Он чуть отстраняется и бросает на меня испытующий взгляд:
– Ты уже знаешь о Жани?
– О Жани и… и ее ребенке, – хвастливо заявляю я.
Он молчит. Он ничего не говорит, просто молчит, и этого достаточно, чтобы я вспомнила: у ребенка бывает как минимум двое родителей. Мать, видимо, все-таки Лора. Отец…
Отец!..
– Так как насчет второго подозреваемого? – спрашивает он с прежней насмешливой интонацией, обойдя молчанием вопрос и о ребенке, и об этих самых родителях.
– Я так понимаю, тебя привез сюда Жильбер? – уточняю я.
– Именно так. Но Жильбер тоже не тянет на роль злодея! – качает головой Максвелл, и от этого движения его рука, обнимающая мои плечи, как-то незаметно съезжает мне на грудь. – Прежде всего потому, что вчера он целый день был в Париже. Позавчера – тоже, как минимум с полудня. Практически невозможно, чтобы он был замешан. Почему ты вообще решила, что это мог совершить Жильбер?
Нормально!.. Он не задал мне вполне естественного вопроса: «Почему ты вообще решила, что это мог совершить я?» Мои обвинения в свой адрес он воспринял как нечто вполне естественное. Обидное, но естественное!
– Почему я заподозрила Жильбера? Да очень просто!
Рассказываю об автомобиле на обочине дороги, о загорелой неподвижной ножке, потом – о сцене в саду Гийома, о граблях и туфельке.

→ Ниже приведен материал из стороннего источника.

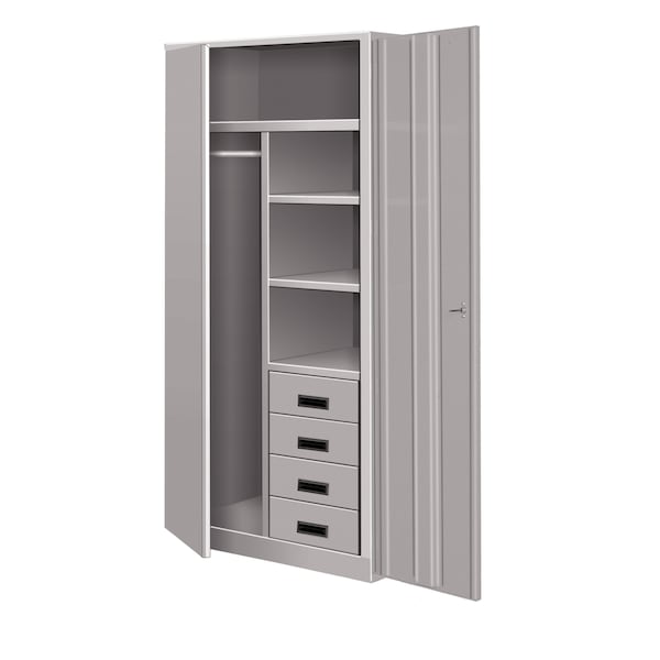 All welded steel, Extra heavy duty Wardrobe Storage Cabinet. Includes keyed handle, a top shelf, coat rod, 4-drawer unit with recessed handles (100 lbs. capacity per drawer), and 3 shelves. 60in Wide x 72in High x 24in Deep. Powder Coat finish. GRAY..

– Понятно… – медленно произносит Максвелл после продолжительного молчания. – Теперь мне многое понятно!..
– Например, что?
– Например, как ты догадалась, что убита именно Лора. Поразительная штука – эта ваша женская наблюдательность! А еще понятно, кто и зачем звонил Жильберу на мобильный сегодня утром, когда мы только выезжали из Парижа, и почему он гнал, как безумный, а также – куда он исчез, едва мы прибыли в Мулян.
– Ну и кто ему звонил? Зачем? И почему?
– Наверняка ты уже ответила на эти вопросы, – говорит Максвелл с холодком. – Давай договоримся: ты расскажешь, к каким выводам пришла, а я потом тебя поправлю, если ты кое-где ошибешься.
– Ты это серьезно? – спрашиваю недоверчиво.
– Уверяю тебя! – заявляет Максвелл. – Я всегда имел самое высокое мнение о женской логике. И криминальные романы, которые принадлежат перу женщин, нравятся мне гораздо больше, чем те, которые написаны мужчинами. Мои любимые авторы – Агата Кристи и Мэри Хиггинс Кларк. Очень может быть, что со временем я крепко полюблю книги Алены Дмитриефф. Но пока ознакомь меня все-таки со своими выводами!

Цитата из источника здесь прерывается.